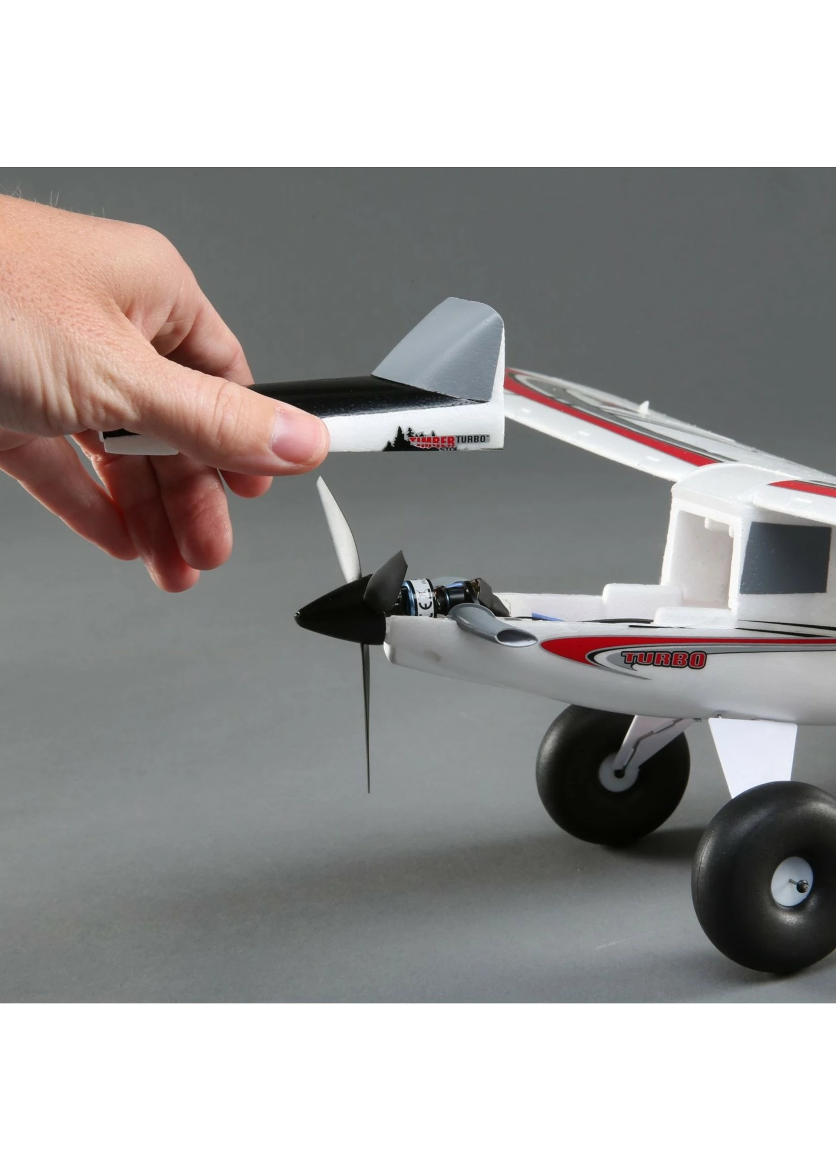 Scaled down from the legendary Timber® 1.5m, the E-flite® UMXâ„¢ Timber was the iconic ultra micro model best-equipped for exciting STOL (Short Take Off and Landing) adventures and beyond…until now. The UMX Turbo Timber updates the original design with a modern turboprop-styled nose and 3-blade propeller, plus a higher-power 3400Kv brushless motor. When using the same 2S 280mAh batteries, this Turbo version provides even better STOL performance with shorter takeoffs and faster climbs. You’ll also enjoy extreme aerobatic capabilities and have the power to hover, then climb out vertically. In the hands of experienced pilots, the UMX Turbo Timber can be flown in more places — even off of water with the optional floats (sold separately) — and in smaller spaces. Plus its high-wing configuration and exclusive optional-use SAFE® Select technology provide plenty of stability to make the UMX Turbo Timber a great choice if you’ve mastered flying at least one model before. This makes it a model that pretty much every pilot, from low-time to long-time experienced alike, should own because everyone will enjoy flying it!
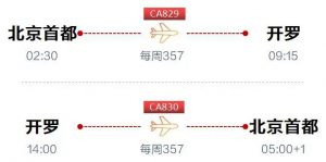 焦点新闻 国航北京首都-开罗航线正式开航 By TTG China / Posted on 10 July, 2025 11:09 7月9日,CA829航班降落在开罗国际机场,标志着国航北京首都-开罗航线正式开航。 这条航线使用空客A330机型执飞,全程约12小时。该航线每周执行3班,每周三、五、日执行。在时差方面,开罗为世界时区东二区,目前正实行夏时制,比北京时间晚5小时。
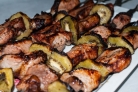 Чтобы мясо было более нежное и сочное, можно воспользоваться салом или беконом, для этого вполне достаточно обложить мясо тонкими пластами сала или бекона, мясо станет гораздо сочнее и ароматнее.
· · ·
**WORK INSTRUCTION**
Leave out the pictures, and write out all the remaining data above exactly.

**WRITTEN ANSWER**
 Scaled down from the legendary Timber® 1.5m, the E-flite® UMXâ„¢ Timber was the iconic ultra micro model best-equipped for exciting STOL (Short Take Off and Landing) adventures and beyond…until now. The UMX Turbo Timber updates the original design with a modern turboprop-styled nose and 3-blade propeller, plus a higher-power 3400Kv brushless motor. When using the same 2S 280mAh batteries, this Turbo version provides even better STOL performance with shorter takeoffs and faster climbs. You’ll also enjoy extreme aerobatic capabilities and have the power to hover, then climb out vertically. In the hands of experienced pilots, the UMX Turbo Timber can be flown in more places — even off of water with the optional floats (sold separately) — and in smaller spaces. Plus its high-wing configuration and exclusive optional-use SAFE® Select technology provide plenty of stability to make the UMX Turbo Timber a great choice if you’ve mastered flying at least one model before. This makes it a model that pretty much every pilot, from low-time to long-time experienced alike, should own because everyone will enjoy flying it!
 焦点新闻 国航北京首都-开罗航线正式开航 By TTG China / Posted on 10 July, 2025 11:09 7月9日,CA829航班降落在开罗国际机场,标志着国航北京首都-开罗航线正式开航。 这条航线使用空客A330机型执飞,全程约12小时。该航线每周执行3班,每周三、五、日执行。在时差方面,开罗为世界时区东二区,目前正实行夏时制,比北京时间晚5小时。
 Чтобы мясо было более нежное и сочное, можно воспользоваться салом или беконом, для этого вполне достаточно обложить мясо тонкими пластами сала или бекона, мясо станет гораздо сочнее и ароматнее.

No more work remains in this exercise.